-- Exercise objective --
Write out only the lines from the start of the entries up to and including the line with "ร่วมกันเติมเต็มดอก Poppy ให้สมบูรณ์"; please skip the pictures.

(Stored dataset items)
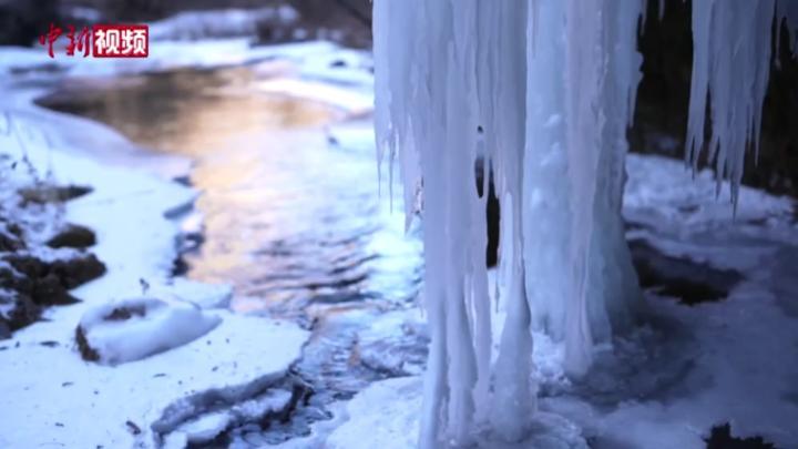 12月27日,摄影爱好者在森林公园内拍摄到山谷银装素裹、小路幽径崎岖。高耸坚硬的冰瀑矗立于悬崖之上,晶莹剔透的冰柱宛如水晶,熠熠生辉。洁白无瑕的霜雪为山川万物披上银白的外衣,潺潺流水明净碧绿、折射出五彩斑斓的光韵,宛如神话中的“白色王国”。(李隽 李长钰 申文昌 制作 隋致远)
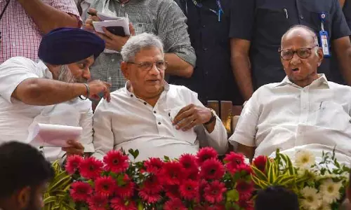 காங்கிரஸ் அடங்கிய எதிர்க்கட்சி அணியை உருவாக்க வேண்டும் என்று வலியுறுத்தி நிதிஷ்குமார், சரத்பவார், யெச்சூரி ஒரே மேடையில் பங்கேற்றனர்.
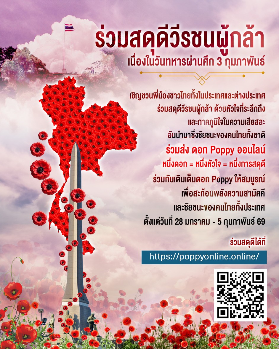 ร่วมกันเติมเต็มดอก Poppy ให้สมบูรณ์ เพื่อสะท้อนพลังความสามัคคีและชัยชนะของคนไทยทั้งประเทศ ตั้งแต่วันที่ 28 มกราคม – 5 กุมภาพันธ์ 69
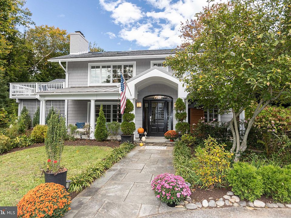 Exceptional fully-renovated home on a beautiful private landscaped lot that is nearly an acre of lawns, gardens and patios. A lovely covered porch provides entrance to the lower level featuring a family room with a fireplace, full bath and large bedroom. Ascend the elegant stairway with custom Chamfered balusters to the, large open-concept living room, dining area and kitchen. All new Pella casement windows throughout provide plenty of natural light. A vaulted ceiling with beams and skylights, large windows and sliders to the side deck create a feeling of beach living in this spacious, light filled space. The large open kitchen features stainless steel appliances and marble countertops, an entertainer’s dream with two prep areas and dishwashers. Custom cabinetry provides endless amounts of storage. A small hallway leads to the primary suite, which boasts windows on three sides and Dutch doors leading to a private outdoor shower where you can commune with nature. Three additional bedrooms and three full baths complete the second level providing comfort and convenience. Step from your kitchen onto the large, lighted deck with built-in grill, and Italian pizza oven. From the outsized deck, step onto the terraced yard, which provides abundant space for entertaining with separate patios, a fire-pit and even a pergola with retractable cover surrounded by extensive raised flower/garden beds. High-efficiency multi-zone HVAC, ample storage, circular driveway and great attention to detail throughout await you on a highly sought-after street where you can walk to everything Ruxton has to offer.
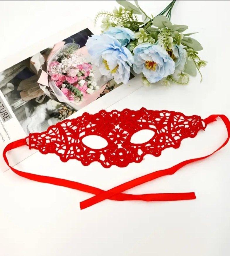 Kırmızı dantelden yapılmış, çiçek desenli ve bağlamalı kadın maskesi. Zarif bir görünüm sağlar.
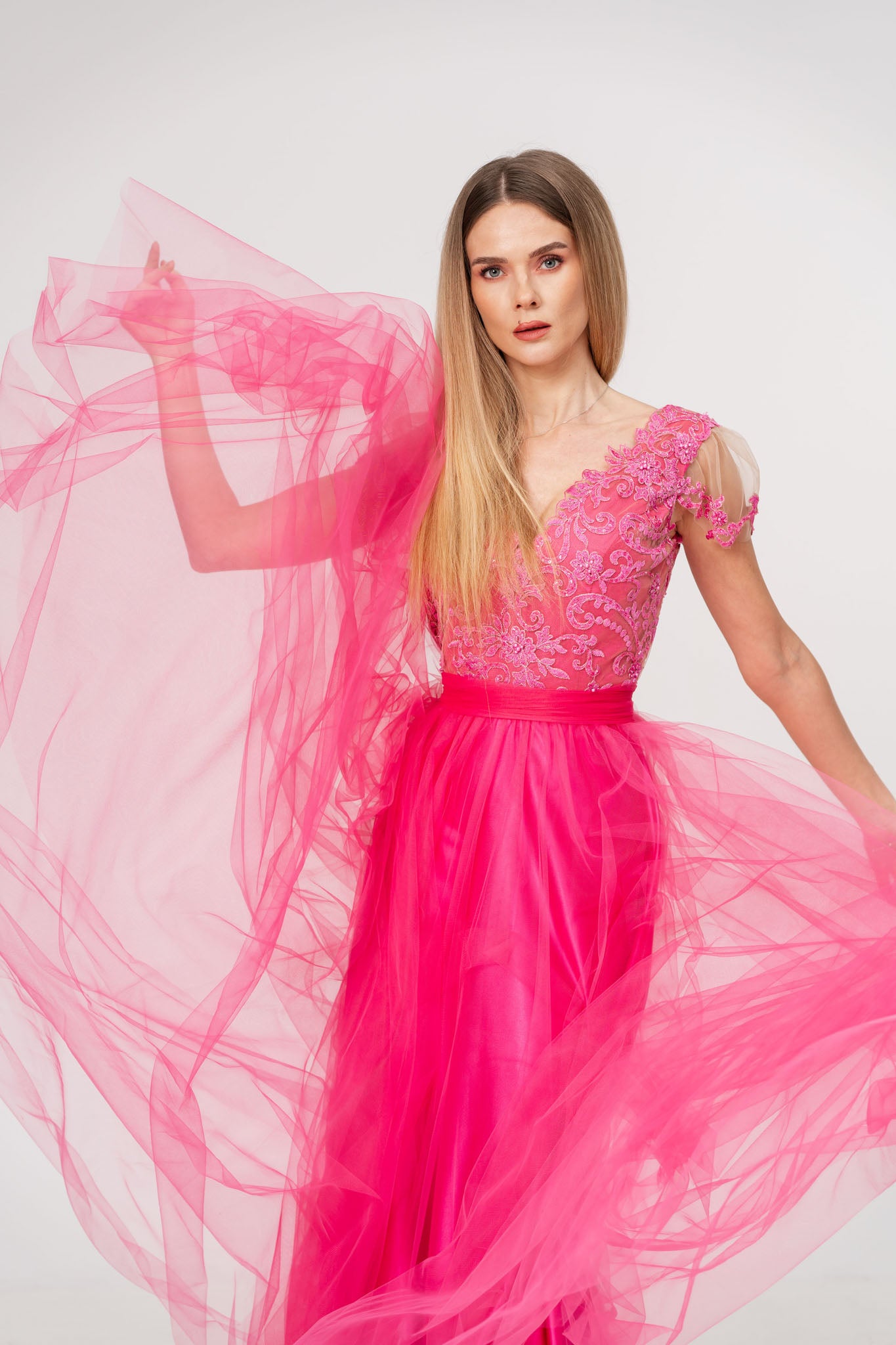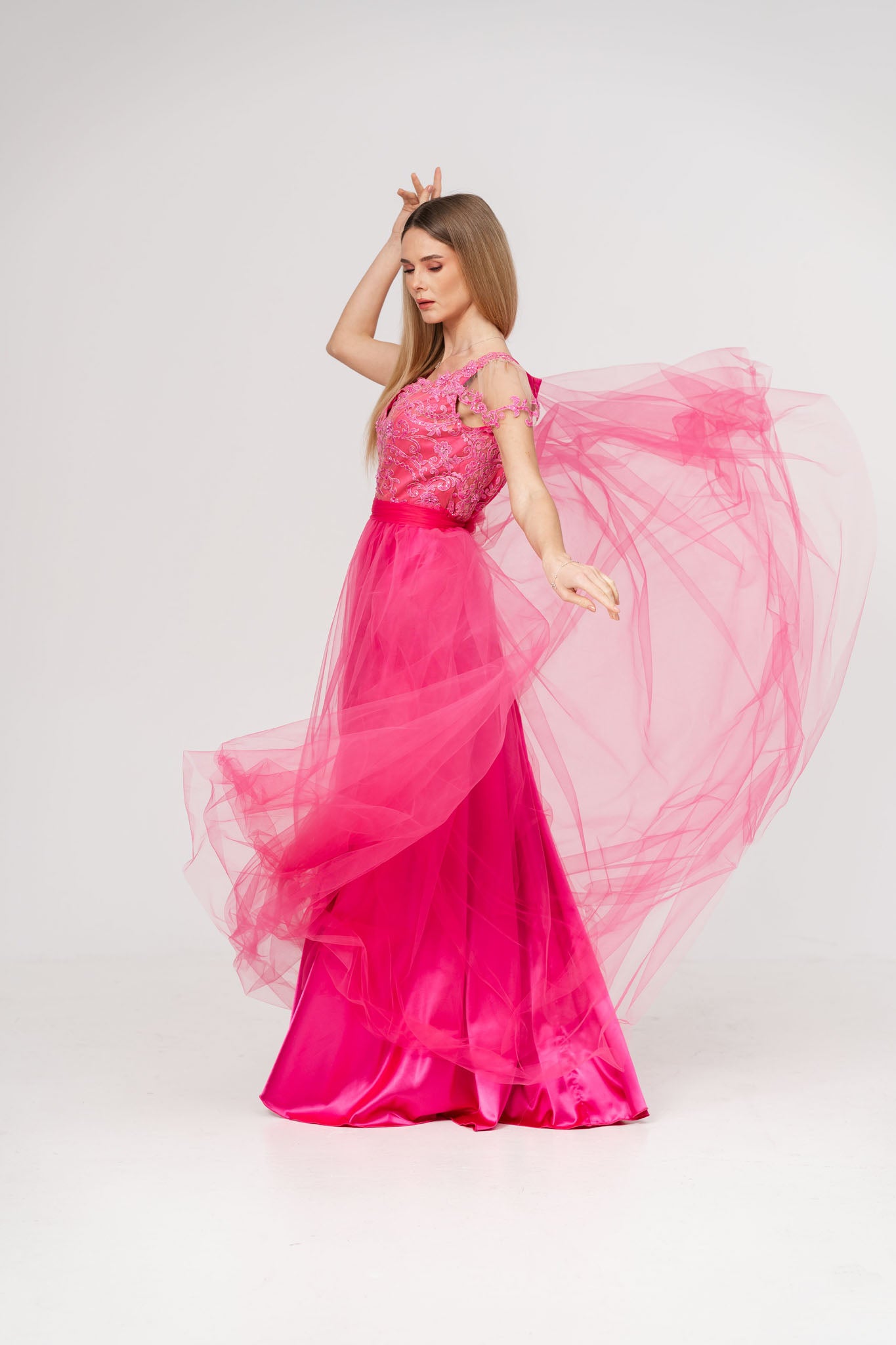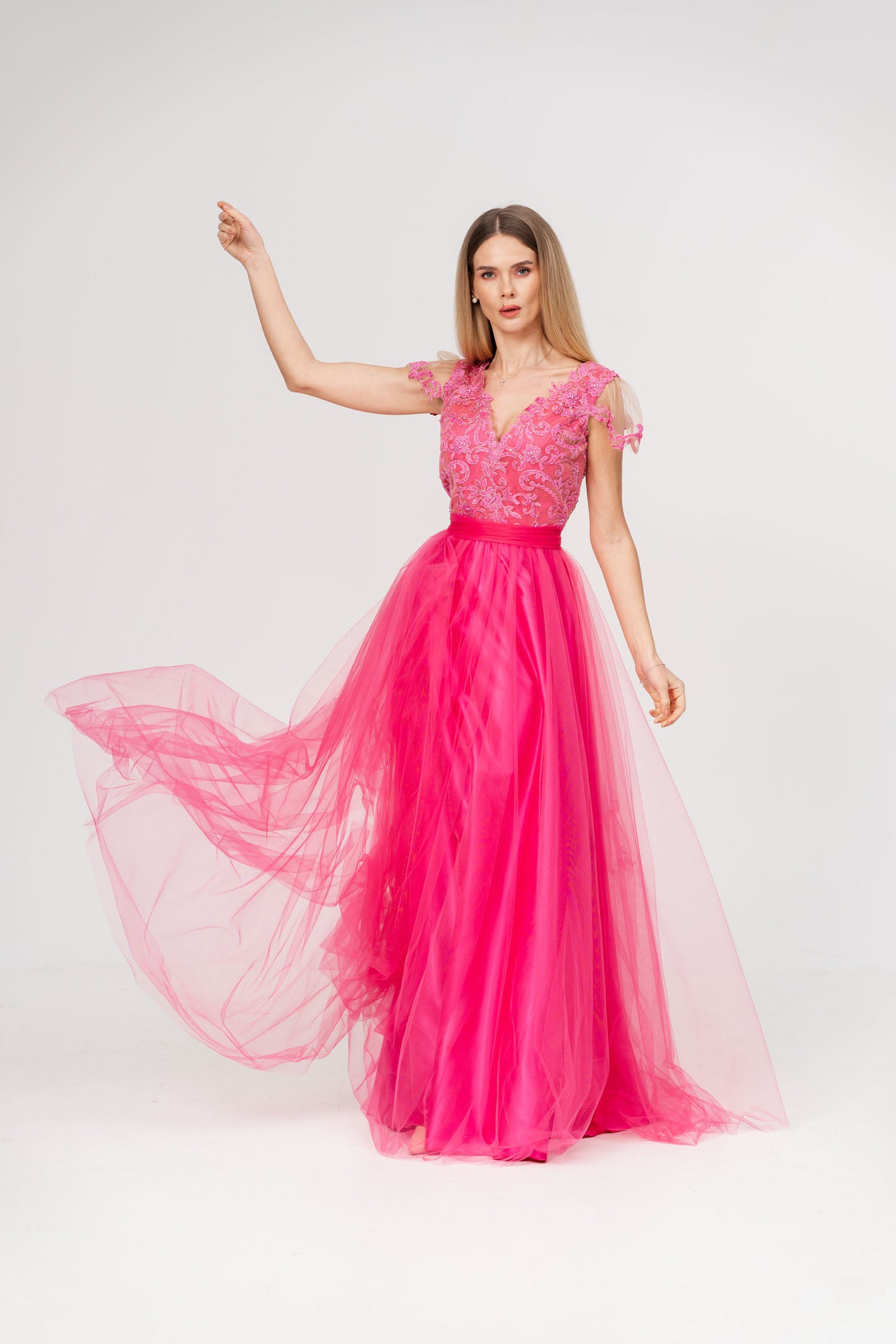 Aceasta rochie lunga din tul si satin este alegerea ideala pentru ocazii speciale, imbinand delicatetea dantelei cu fluiditatea materialelor fine. Corsetul decorat cu dantela atent lucrata ofera un aer sofisticat si feminin, in timp ce talia - marcata de un cordon elegant evidentiaza silueta si adauga un plus de eleganta. Fusta din tul vaporoasa creeaza un efect diafan perfect pentru un look gratios si rafinat.

-- Written reply --
 12月27日,摄影爱好者在森林公园内拍摄到山谷银装素裹、小路幽径崎岖。高耸坚硬的冰瀑矗立于悬崖之上,晶莹剔透的冰柱宛如水晶,熠熠生辉。洁白无瑕的霜雪为山川万物披上银白的外衣,潺潺流水明净碧绿、折射出五彩斑斓的光韵,宛如神话中的“白色王国”。(李隽 李长钰 申文昌 制作 隋致远)
 காங்கிரஸ் அடங்கிய எதிர்க்கட்சி அணியை உருவாக்க வேண்டும் என்று வலியுறுத்தி நிதிஷ்குமார், சரத்பவார், யெச்சூரி ஒரே மேடையில் பங்கேற்றனர்.
 ร่วมกันเติมเต็มดอก Poppy ให้สมบูรณ์ เพื่อสะท้อนพลังความสามัคคีและชัยชนะของคนไทยทั้งประเทศ ตั้งแต่วันที่ 28 มกราคม – 5 กุมภาพันธ์ 69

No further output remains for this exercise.